What you need to do ->
Please reproduce the listing in its entirety, exactly as written, but without images.

Input data ->
##############################

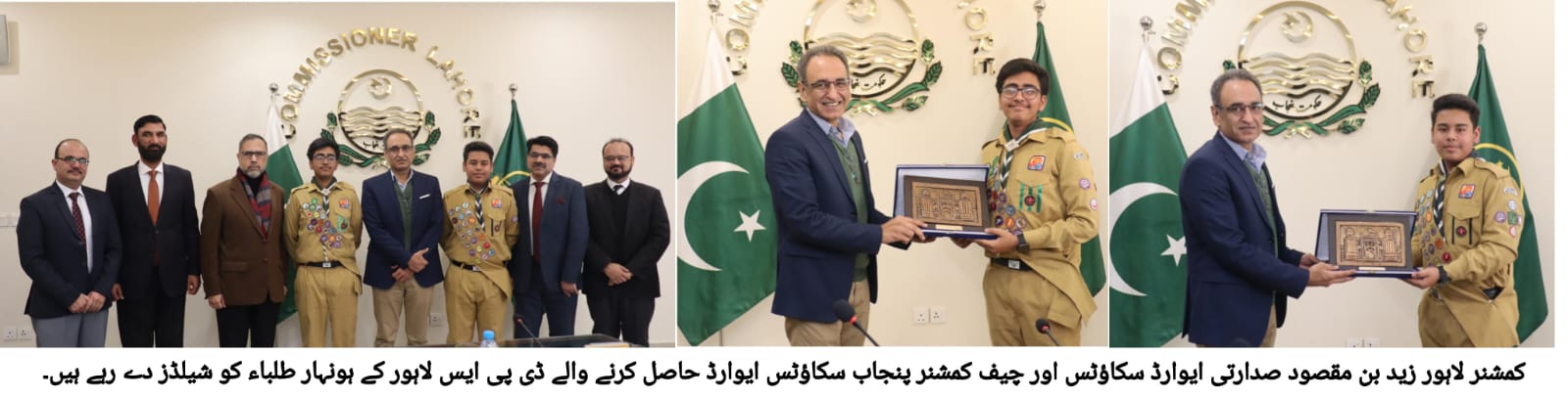 کمشنر لاہور زید بن مقصود نے صدارتی ایوارڈ سکاوٹس اور چیف کمشنر پنجاب سکاوٹس ایوارڈ حاصل کرنے والے ڈی پی ایس لاہور کے ہونہار طلباء سے ملاقات کی اور مبارکباد دی۔ ڈی پی ایس لاہور کے ایک طالب علم معیز اجمل کاکڑ کو نیشنل سکاوٹس میں بہترین کارکردگی اور نظم و ضبط پر صدارتی ایوارڈ ملا جبکہ محمد فرقان طاہر کو پنجاب میں بہترین کارکردگی و نظم و ضبط پر چیف کمشنر پنجاب ایوارڈ ملا۔
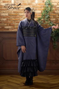 コルセット風の帯や洋風のヘッドドレスを合わせることで、ドーリーで個性的なガーリースタイルが完成します。
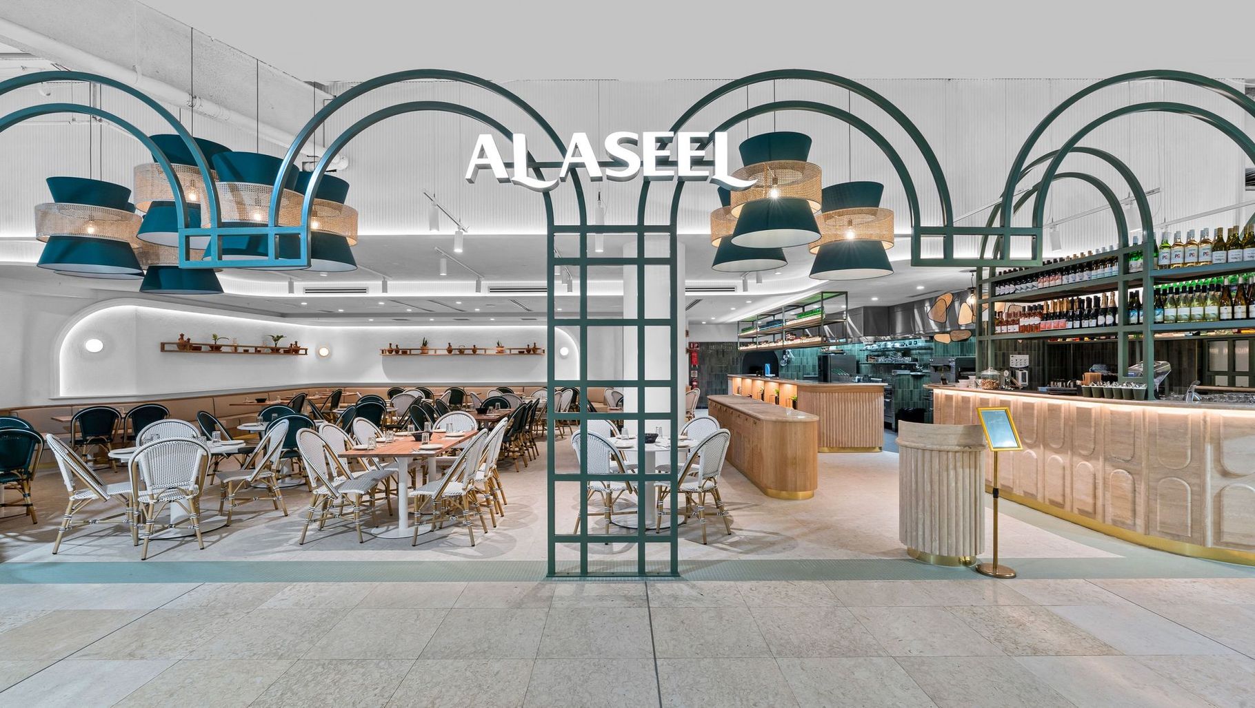 ArchiPro Project Summary - Al Aseel - Chatswood: A Mediterranean dining experience completed in 2024, showcasing a unique blend of traditional Lebanese elements and modern design, creating an inviting and sophisticated atmosphere.

##############################

Result of this task ->
 کمشنر لاہور زید بن مقصود نے صدارتی ایوارڈ سکاوٹس اور چیف کمشنر پنجاب سکاوٹس ایوارڈ حاصل کرنے والے ڈی پی ایس لاہور کے ہونہار طلباء سے ملاقات کی اور مبارکباد دی۔ ڈی پی ایس لاہور کے ایک طالب علم معیز اجمل کاکڑ کو نیشنل سکاوٹس میں بہترین کارکردگی اور نظم و ضبط پر صدارتی ایوارڈ ملا جبکہ محمد فرقان طاہر کو پنجاب میں بہترین کارکردگی و نظم و ضبط پر چیف کمشنر پنجاب ایوارڈ ملا۔
 コルセット風の帯や洋風のヘッドドレスを合わせることで、ドーリーで個性的なガーリースタイルが完成します。
 ArchiPro Project Summary - Al Aseel - Chatswood: A Mediterranean dining experience completed in 2024, showcasing a unique blend of traditional Lebanese elements and modern design, creating an inviting and sophisticated atmosphere.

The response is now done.